Open grst opened 7 years ago
This function can be used to filter expression sets accordingly:
#' Filter genes with annotation from expression set.
#'
#' This is done to have the correct background for BioQC.
#' Taking all probeids as background is a bias towards each signature in general
#' as probeids with gene symbol tend to be higher expressed in general.
filter_eset = function(eset) {
gene_symbols = fData(eset)$BioqcGeneSymbol
# remove lines that have no gene set
eset = eset[(!is.na(gene_symbols)) & gene_symbols != '-',]
eset = eset[keepMaxStatRowInd(exprs(eset), fData(eset)$BioqcGeneSymbol),]
return(eset)
}
Also, we need to check that the gene symbols are valid hgnc symbols.
My current version of this function looks like this:
#' Filter genes with annotation from expression set.
#'
#' This is done to have the correct background for BioQC.
#' Taking all probeids as background is a bias towards each signature in general
#' as probeids with gene symbol tend to be higher expressed in general.
filter_eset = function(eset) {
gene_symbols = fData(eset)$BioqcGeneSymbol
hgnc_symbols = read_tsv("results/hgnc_symbols.tsv")
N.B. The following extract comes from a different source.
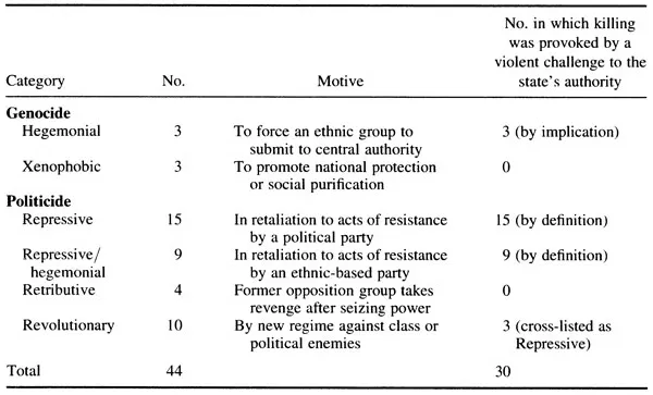 In a separate research project Helen Fein (1990) focuses exclusively on genocide, ostensibly excluding cases of pure politicide in which victims did not share common ethnicity and were targeted solely for political reasons. This confines her database for the period 1945–88 to 19 cases, which she divides into four categories, also based on the motive of the perpetrator.4 She uses different labels for categories that are quite similar to those of Harff and Gurr: their repressive category translates roughly into Fein’s ‘retributive’; revolutionary becomes ‘ideological’; xenophobic becomes ‘developmental’; and hegemonial becomes ‘despotic’. Despite this semantic difference, Fein likewise finds that genocide is usually provoked by members of a group challenging the state: “one could classify at least 11 cases [58%] as retributive genocide in which the perpetrators retaliated to a real or perceived threat by the victim to the structure of domination”. She also suggests that two of the other cases could be coded properly as retributive, which would raise the proportion in her database to 68% as well.5

# remove lines that have no gene set
eset = eset[(!is.na(gene_symbols)) & (gene_symbols != '-') & (gene_symbols %in% hgnc_symbols$hgnc_symbols),]
eset = eset[keepMaxStatRowInd(exprs(eset), fData(eset)$BioqcGeneSymbol),]
return(eset)
}
where hgnc_symbols.tsv is derived from ftp://ftp.ebi.ac.uk/pub/databases/genenames/new/tsv/hgnc_complete_set.txt
because of the reasons discussed...
I'm not sure what should be the default behavior, though. But taking all genes as background could result in misleading results and significant 'over-estimation' of signatures.